I'm here just wondering if this method can be iterated, and what is the maximal that it can reach to via this iteration process.

For example lets define a theory $\mathsf{K}^{+}(V_{\lambda})$ in the language of $FOL(=,\in, V_1, V_2,..,V_{\lambda})$ as long as $\lambda$ is some specific recursive ordinal having some specific ordinal notation, i.e. as long as $\lambda < \omega_1^{CK}$

Now the idea is that each theory $\mathsf{K}^{+}(V_{\lambda})$ has axioms of Extensionality, Class comprehension axiom schema for $V_{\alpha}$, a reflection axiom scheme for $V_{\alpha}$, and limitation of size axiom for $V_{\alpha}$, for each $\alpha < \lambda$, also we have the axiom schema:

if $\alpha < \beta$, then: $``\forall x (x \subset V_{\alpha} \to x \in V_{\beta})"$ is an axiom.
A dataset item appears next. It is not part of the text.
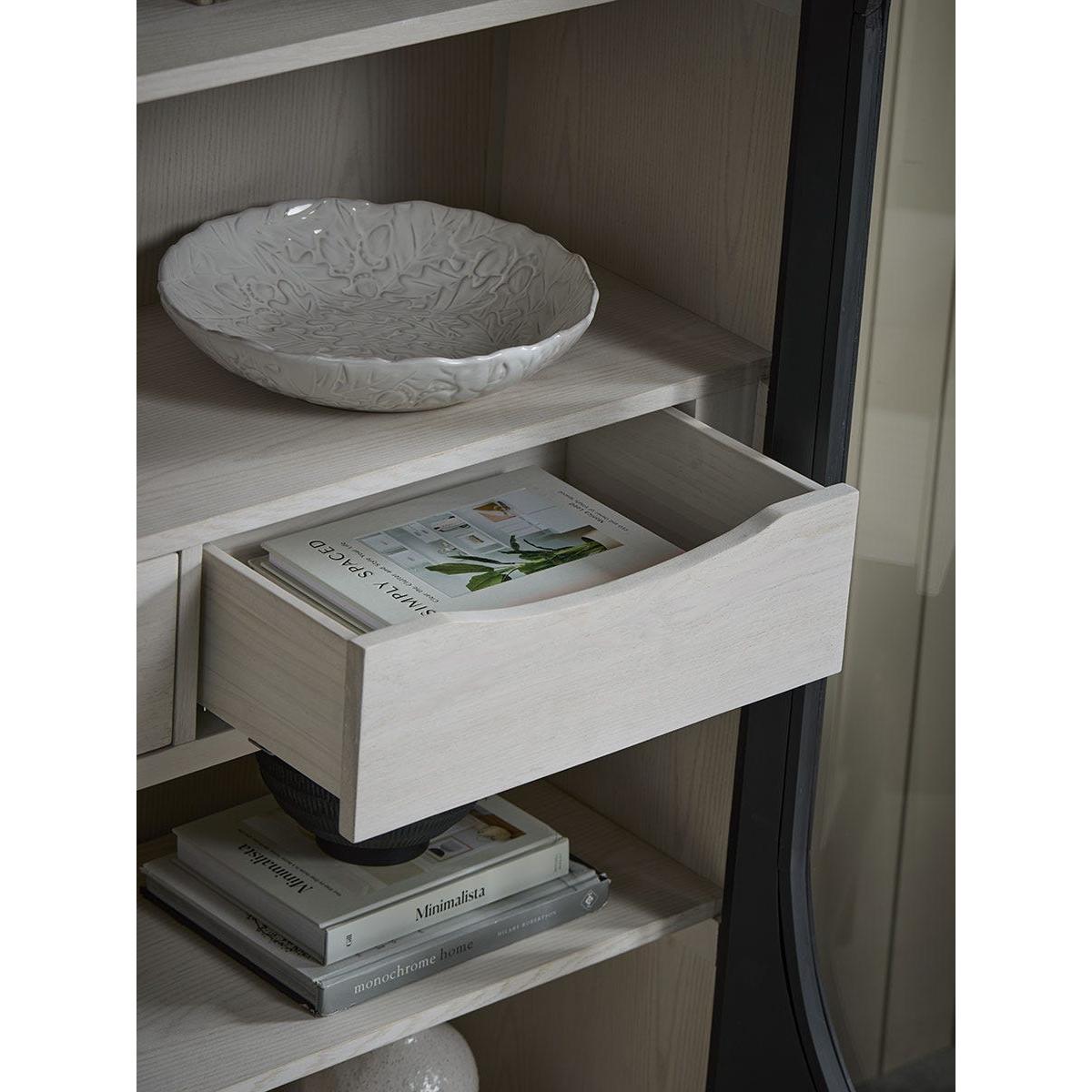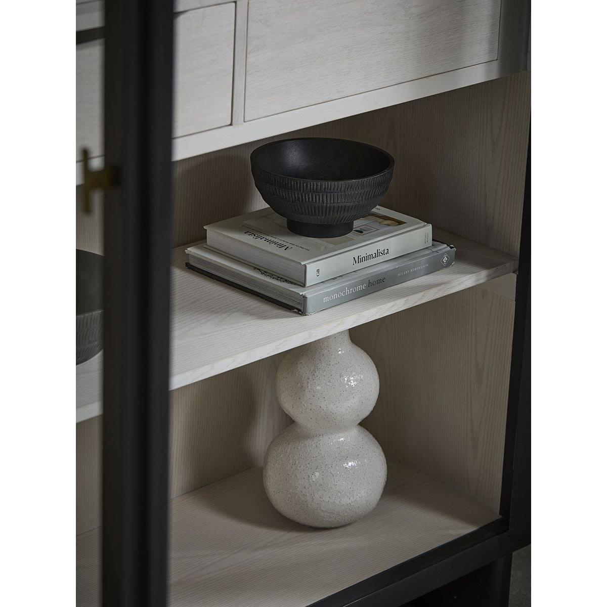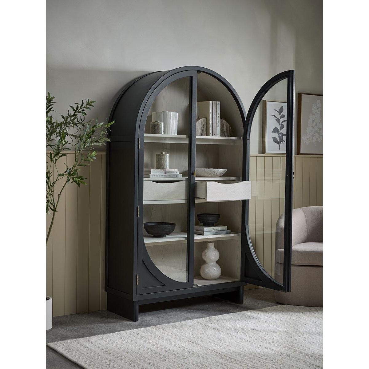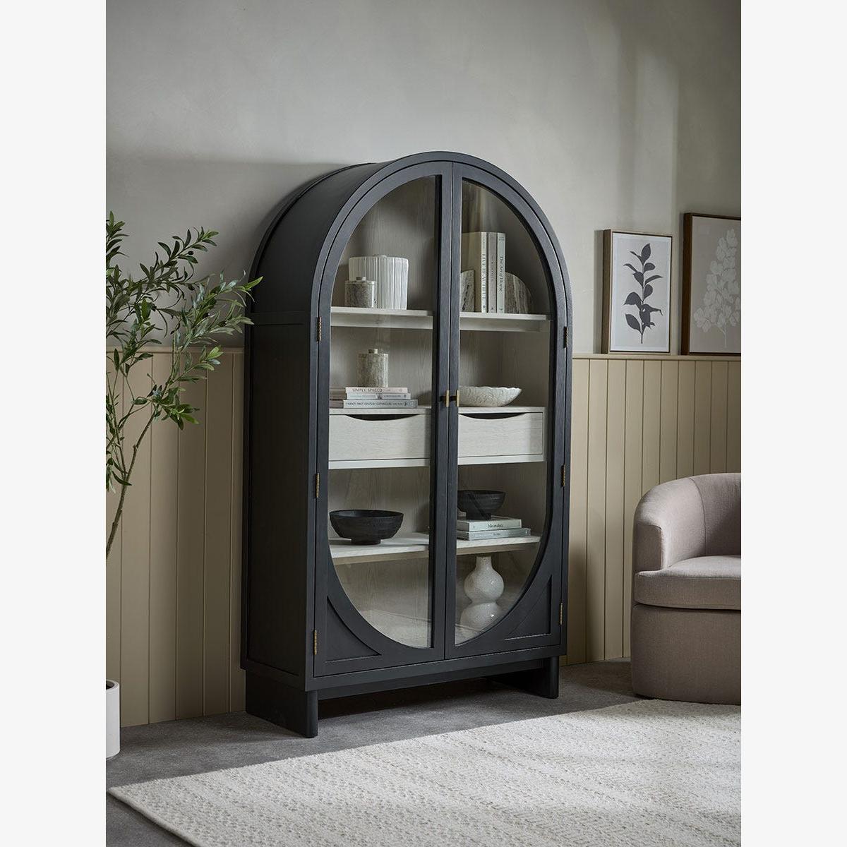 A beautiful blend of striking contemporary tones and a soft, curved frame, our Oval Display Cabinet houses decorative ornaments perfectly. Glass-pannelled doors allow accessories to be kept safe while also looking lovely on display. A drawer sits in the middle of the shelf to keep little bits and bobs all in one place, and your home looking tidy.

More specifically the formula of class comprehension for $V_{\alpha}$ is:

$$\forall x_1,..,x_n \subseteq V_{\alpha} \exists x \forall y (y \in x \leftrightarrow y \in V_{\alpha} \wedge \varphi(y,x_1,..,x_n))$$, where $\varphi(y,x_1,..,x_n)$ is a formula that do not use primitives $V_{\beta}$ when $\beta>\alpha$.

While the formula of reflection schema for $V_{\alpha}$ would be written as:

$$\forall x_1,..,x_n \in V_{\alpha} \\ [\exists y (\varphi(y,x_1,..,x_n)) \to \exists y \in V_{\alpha}(\varphi(y,x_1,..,x_n)) ]$$ where $\varphi(y,x_1,..,x_n)$ doesn't use any primitive symbol $V_{\beta}$ as long as $\beta \geq \alpha$.

Now what is the limit to the consistency strength of the $\mathsf{K}^{+}(V_{\lambda})$ theories?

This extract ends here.